The point is that in enough time, social media will lose its Western context in all but its origin. Language is evolving in this global homogeneous context of digital media, even if in its current context it is still intrinsically tied to Western (and really, American) spheres of culture as topics/worldviews of discussion. Textual culture gives way to a visual one, and global homogeneity can only be achieved through the shared sensorial perceptions of visual and auditory stimuli. Not words, but sounds. Companies like Facebook, Google, and Baidu (and really all of them) have been engaging in imperialist practices of spreading their product worldwide to establish a decentralized network. From a purely quantitative aspect, American hegemony in terms of the population of users will give way to the high population centers of areas like the global south (especially countries like India, less so China). The near future will be marked by advancing towards a truly diverse space online, while still homogenizing in its affect. This is not a good thing.
Functioning alongside that is algorithmic curation. The advancements of algorithmic technology in curating feeds for consumption, can be understood as a way of avoiding the mess of interacting with a media sphere that is too schizophrenic, global, and incomprehensible to individuals. The world in the palm of your hand can’t be shown to you in its total depth; information overloads incite fear and negative factors that push away from consumption. It has to be you through the world; Narcissus’s mirror aids you through an information context curated for you. The curation of an algorithm is a curation of you, this is essential in understanding possible proposals for the cause of the exploitation of digital labor.
“It is this continuous embrace of our own technology and daily use that puts us in the narcissist role of subliminal awareness and numbness in relation to these images of ourselves. By continuously embracing technologies, we relate ourselves to them as servomechanisms. That is why we must, to use them at all, serve these objects, these extensions of ourselves, as gods are minor religions” (McLuhan, 1994, p.46)
What drives users’ production on social/digital media is this serving of the media object as gods, which are extensions of ourselves. How does one determine a wage for worship, especially one of a digital kind? The working class in the context of digital labor is a worship class. While not fully removed from any context of the physical and material, the internet functions in this disembodied cyberspace. Baudrillard (1975), in The Mirror of Production, notes that theorists (Marx) need to imagine an understanding of political economy that transcends an understanding of labor that is solely based on the human capacity to produce.
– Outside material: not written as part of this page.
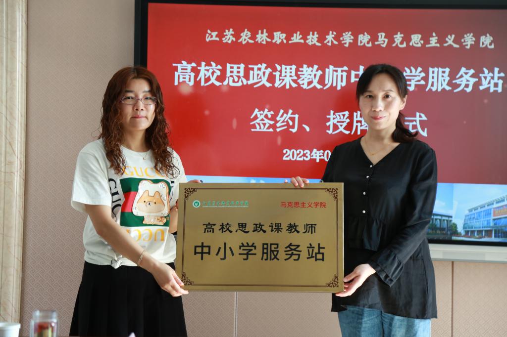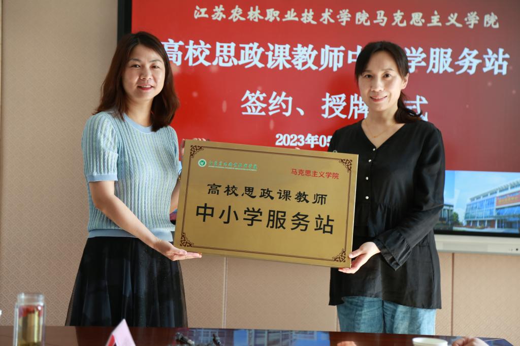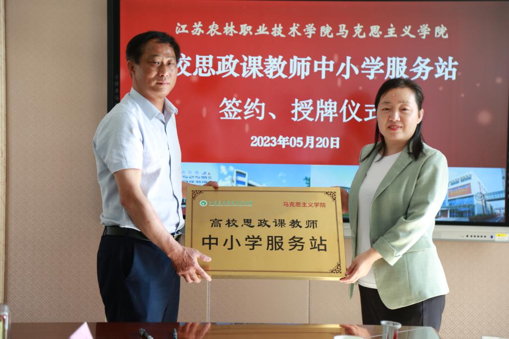 为切实推进句容市大中小学思政课一体化建设,落实立德树人根本任务,5月20日下午,马克思主义学院与句容市实验高级中学、句容行香中学、句容下蜀中学和句容石狮小学等4所中小学“思政课教师中小学服务站”挂牌签约活动在句容市实验高级中学举行。我院党总支副书记李杨、副院长陈立娥及签约合作学校的校长出席签约仪式。

It is the relationship between one’s pursuit of entertainment, and the data (capital) extracted from that process that is of focus in regard to digital labor. In life, one does not get mad at the dust mites on skin extracting surplus dead cellulite, because this process is invisible and incomprehensible in its microscopic but mass scale. The Internet’s “free lunch” is free in that regard, and data as a resource is just modernity’s most invisible exploitation, and perhaps most minuscule, at least on a personal level.
References
Baudrillard, J. (1975). The Mirror of Production. Telos Press.
Fuchs, Christian. (2016). Digital labor and imperialism. Monthly Review, 67(8), 14-24.
Huws, Ursula (2019) Labour in Contemporary Capitalism: What Next? London: Palgrave.
McLuhan, M. (1994). Understanding media: The extensions of man (1st MIT Press ed). MIT Press.
Smythe, D. (1977). Communications: Blindspot of Western Marxism. Canadian Journal of Political and Social Theory, 1(3), 1-27.